── SOURCE RECORDS

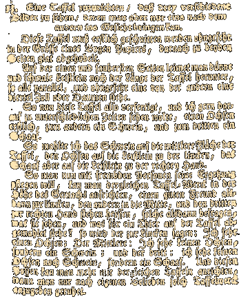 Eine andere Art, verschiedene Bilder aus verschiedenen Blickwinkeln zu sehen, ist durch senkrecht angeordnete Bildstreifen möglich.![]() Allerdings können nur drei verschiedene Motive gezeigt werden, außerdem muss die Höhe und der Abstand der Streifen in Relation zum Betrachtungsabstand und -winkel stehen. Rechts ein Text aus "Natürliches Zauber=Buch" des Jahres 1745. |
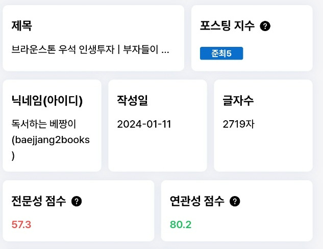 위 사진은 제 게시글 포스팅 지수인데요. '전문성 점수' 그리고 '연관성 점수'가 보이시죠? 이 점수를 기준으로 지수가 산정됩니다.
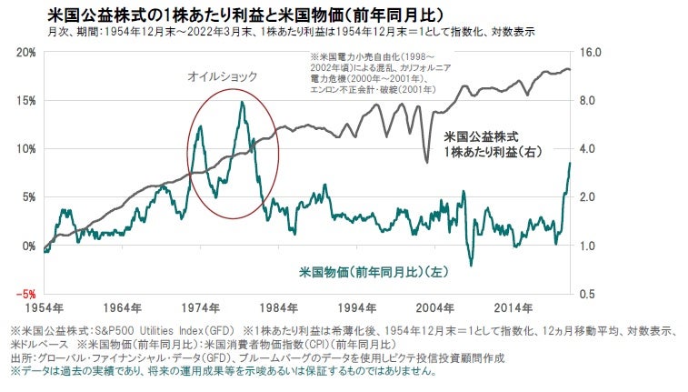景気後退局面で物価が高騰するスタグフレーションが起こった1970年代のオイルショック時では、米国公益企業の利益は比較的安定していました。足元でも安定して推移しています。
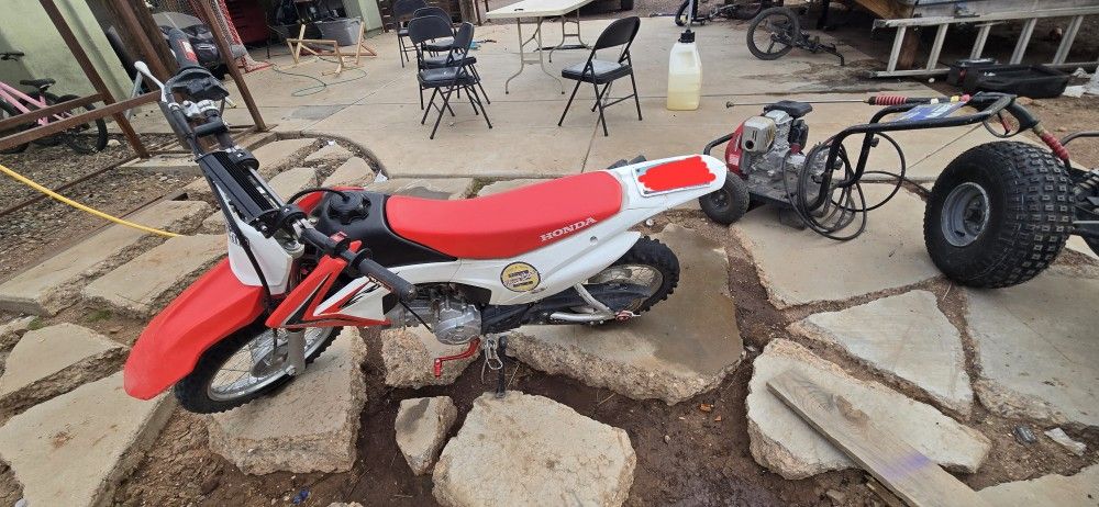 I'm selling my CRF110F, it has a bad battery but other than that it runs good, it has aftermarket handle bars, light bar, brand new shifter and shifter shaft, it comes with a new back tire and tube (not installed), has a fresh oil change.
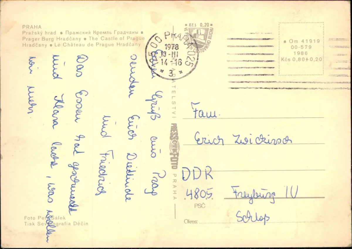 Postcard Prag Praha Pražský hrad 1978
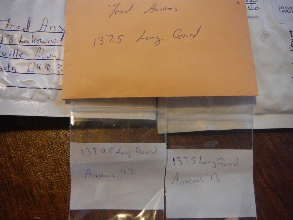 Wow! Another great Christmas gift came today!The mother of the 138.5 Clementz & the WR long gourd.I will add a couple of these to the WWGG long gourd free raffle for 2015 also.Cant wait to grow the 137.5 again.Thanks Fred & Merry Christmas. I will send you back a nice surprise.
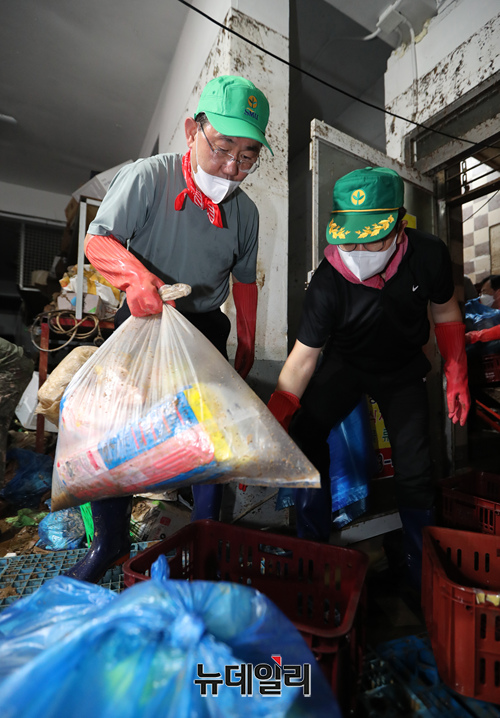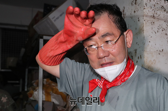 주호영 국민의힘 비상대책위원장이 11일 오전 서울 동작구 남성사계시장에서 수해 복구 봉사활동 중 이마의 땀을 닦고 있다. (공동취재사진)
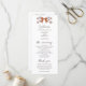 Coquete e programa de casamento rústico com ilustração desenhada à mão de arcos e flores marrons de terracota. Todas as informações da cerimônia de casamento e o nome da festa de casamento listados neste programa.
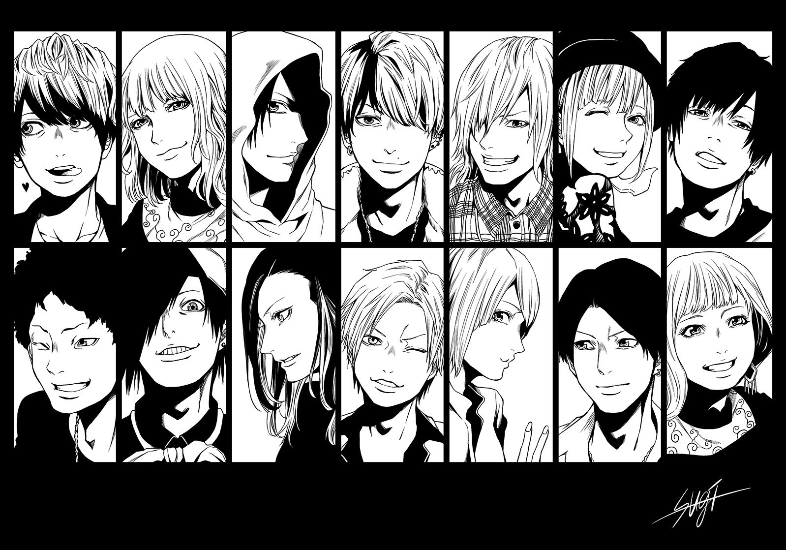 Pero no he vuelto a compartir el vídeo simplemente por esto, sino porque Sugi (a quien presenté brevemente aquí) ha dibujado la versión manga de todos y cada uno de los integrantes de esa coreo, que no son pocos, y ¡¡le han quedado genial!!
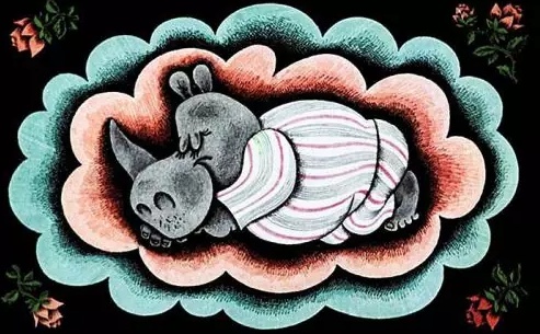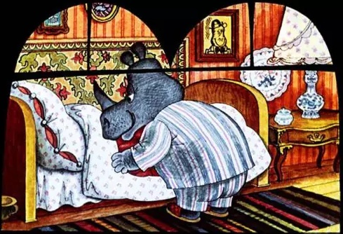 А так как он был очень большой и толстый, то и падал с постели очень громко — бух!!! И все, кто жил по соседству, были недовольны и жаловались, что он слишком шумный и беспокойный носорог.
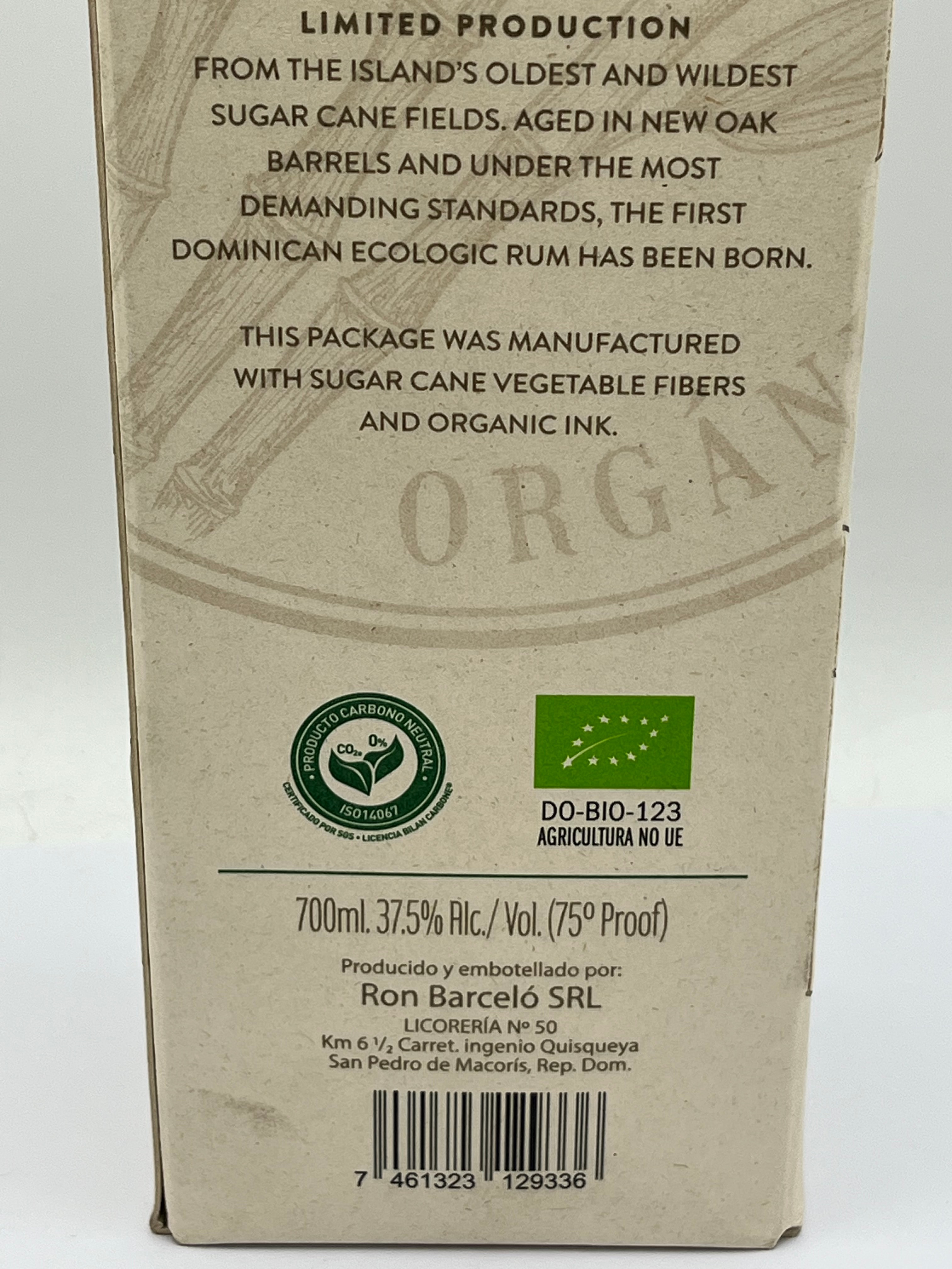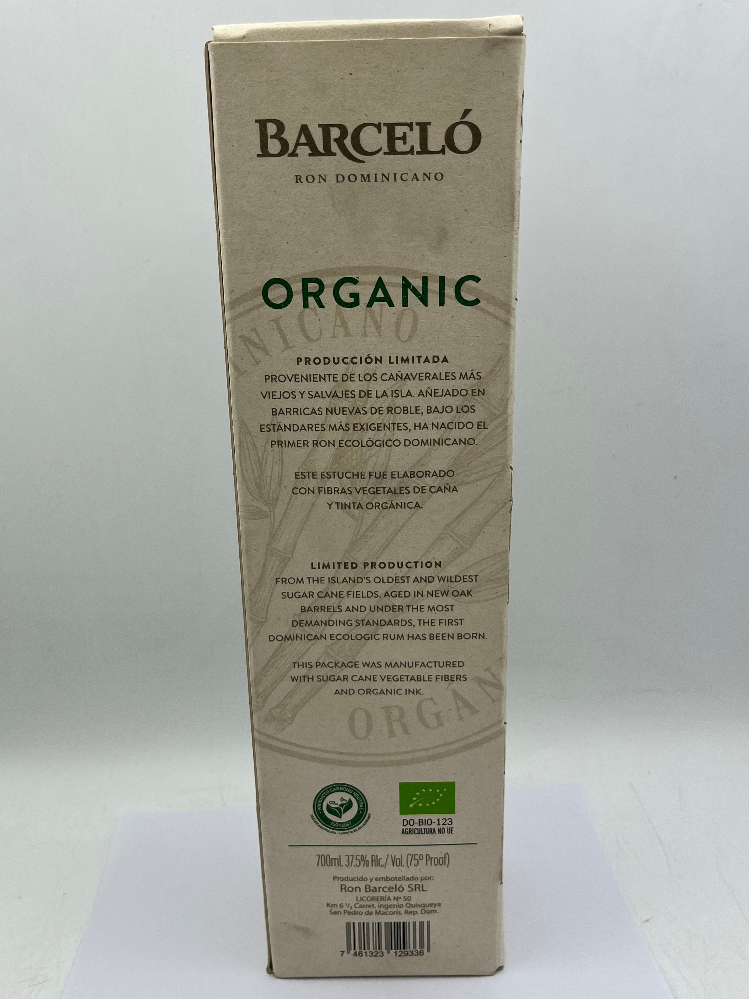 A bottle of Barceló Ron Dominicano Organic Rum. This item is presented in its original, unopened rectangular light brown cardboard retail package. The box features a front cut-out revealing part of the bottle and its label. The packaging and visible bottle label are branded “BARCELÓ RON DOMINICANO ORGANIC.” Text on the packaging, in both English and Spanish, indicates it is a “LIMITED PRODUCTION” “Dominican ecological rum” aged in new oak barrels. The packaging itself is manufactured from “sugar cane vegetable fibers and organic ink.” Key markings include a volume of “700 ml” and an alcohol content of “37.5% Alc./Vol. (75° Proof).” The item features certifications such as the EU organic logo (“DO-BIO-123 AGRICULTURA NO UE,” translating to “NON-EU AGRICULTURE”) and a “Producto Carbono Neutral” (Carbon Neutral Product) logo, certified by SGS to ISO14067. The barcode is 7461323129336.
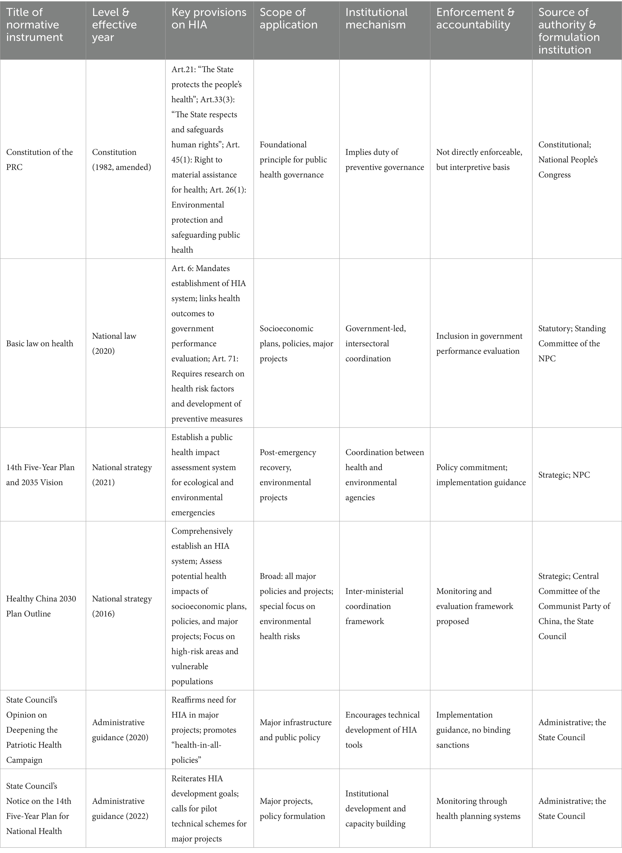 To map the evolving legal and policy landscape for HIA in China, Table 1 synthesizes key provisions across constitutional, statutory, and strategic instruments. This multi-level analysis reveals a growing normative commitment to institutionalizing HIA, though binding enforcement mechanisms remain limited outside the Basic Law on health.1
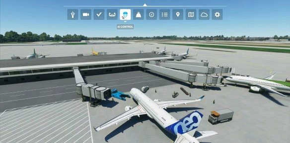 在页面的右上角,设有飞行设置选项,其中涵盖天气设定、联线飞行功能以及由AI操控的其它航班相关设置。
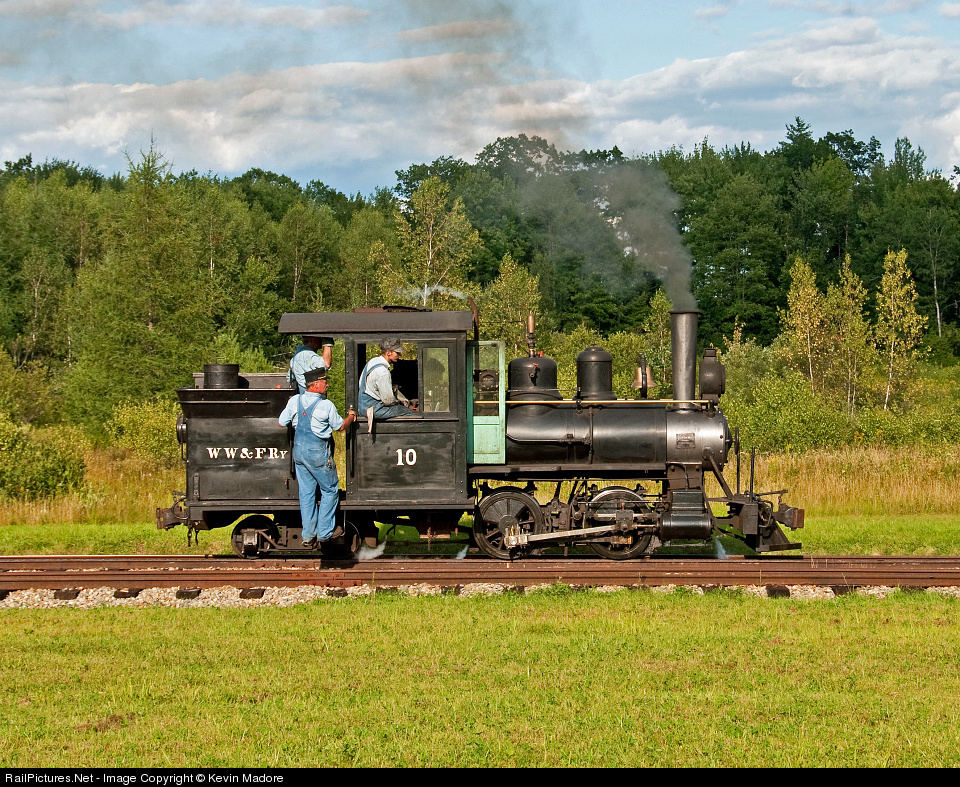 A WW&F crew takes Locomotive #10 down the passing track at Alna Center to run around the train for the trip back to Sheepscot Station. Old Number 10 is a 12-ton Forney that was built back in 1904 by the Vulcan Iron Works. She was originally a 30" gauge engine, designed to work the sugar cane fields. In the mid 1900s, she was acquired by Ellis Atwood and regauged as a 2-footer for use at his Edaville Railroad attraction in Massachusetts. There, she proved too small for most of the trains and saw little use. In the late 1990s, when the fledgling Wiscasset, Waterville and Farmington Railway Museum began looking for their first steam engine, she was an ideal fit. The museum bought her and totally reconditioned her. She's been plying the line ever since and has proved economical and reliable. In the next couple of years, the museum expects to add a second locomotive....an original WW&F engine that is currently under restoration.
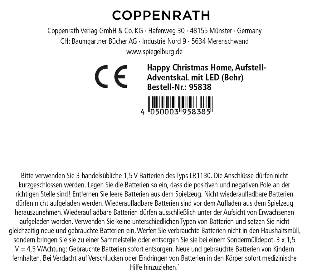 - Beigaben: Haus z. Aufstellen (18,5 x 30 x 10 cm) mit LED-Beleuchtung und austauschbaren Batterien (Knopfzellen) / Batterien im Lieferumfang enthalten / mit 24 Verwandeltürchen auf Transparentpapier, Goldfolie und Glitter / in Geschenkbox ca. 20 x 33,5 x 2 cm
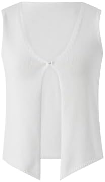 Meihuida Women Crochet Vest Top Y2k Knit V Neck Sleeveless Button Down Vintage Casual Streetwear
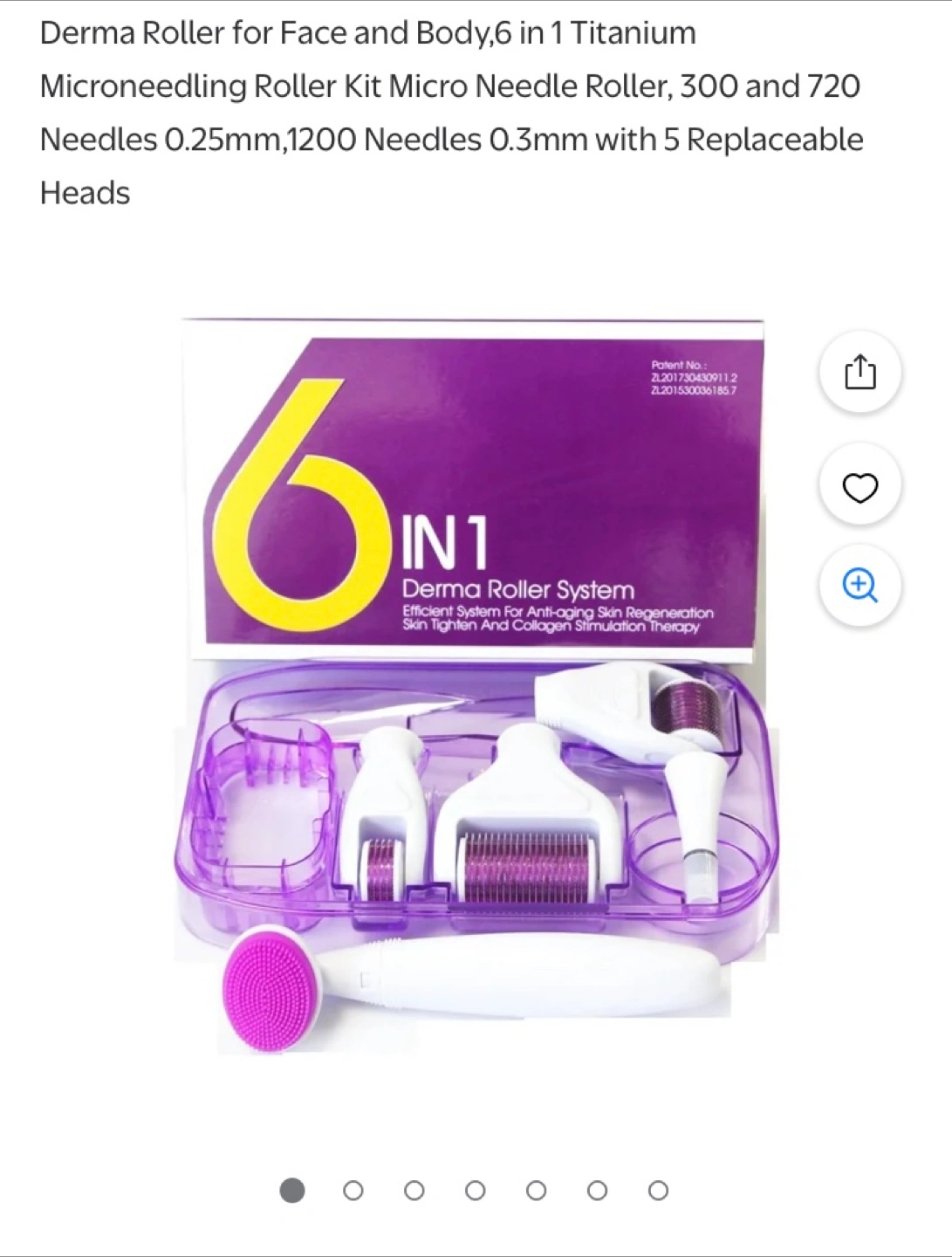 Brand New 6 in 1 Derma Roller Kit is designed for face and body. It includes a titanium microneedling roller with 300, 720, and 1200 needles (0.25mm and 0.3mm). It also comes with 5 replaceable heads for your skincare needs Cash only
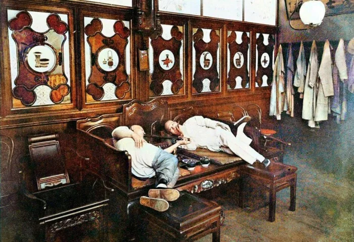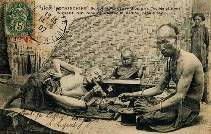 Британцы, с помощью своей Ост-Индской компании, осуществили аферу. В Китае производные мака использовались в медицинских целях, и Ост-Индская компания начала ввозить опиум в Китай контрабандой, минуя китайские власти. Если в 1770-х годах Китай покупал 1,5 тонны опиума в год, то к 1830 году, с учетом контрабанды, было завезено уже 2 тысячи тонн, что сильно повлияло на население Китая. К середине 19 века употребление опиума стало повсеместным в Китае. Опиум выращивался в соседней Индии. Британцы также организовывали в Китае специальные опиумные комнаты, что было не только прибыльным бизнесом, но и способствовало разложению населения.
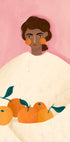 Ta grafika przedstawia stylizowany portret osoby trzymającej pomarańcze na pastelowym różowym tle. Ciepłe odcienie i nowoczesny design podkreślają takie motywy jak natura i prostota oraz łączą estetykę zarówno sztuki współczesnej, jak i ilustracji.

────

(WHAT YOU ARE ASKED TO DO) Because only one stretch of the records is wanted, please output the lines from the one holding "Brand New 6" through the one holding "Британцы, с помощью" exactly, both included, and leave every picture out.

(RESULT FOR THIS EXERCISE)
 Brand New 6 in 1 Derma Roller Kit is designed for face and body. It includes a titanium microneedling roller with 300, 720, and 1200 needles (0.25mm and 0.3mm). It also comes with 5 replaceable heads for your skincare needs Cash only
 Британцы, с помощью своей Ост-Индской компании, осуществили аферу. В Китае производные мака использовались в медицинских целях, и Ост-Индская компания начала ввозить опиум в Китай контрабандой, минуя китайские власти. Если в 1770-х годах Китай покупал 1,5 тонны опиума в год, то к 1830 году, с учетом контрабанды, было завезено уже 2 тысячи тонн, что сильно повлияло на население Китая. К середине 19 века употребление опиума стало повсеместным в Китае. Опиум выращивался в соседней Индии. Британцы также организовывали в Китае специальные опиумные комнаты, что было не только прибыльным бизнесом, но и способствовало разложению населения.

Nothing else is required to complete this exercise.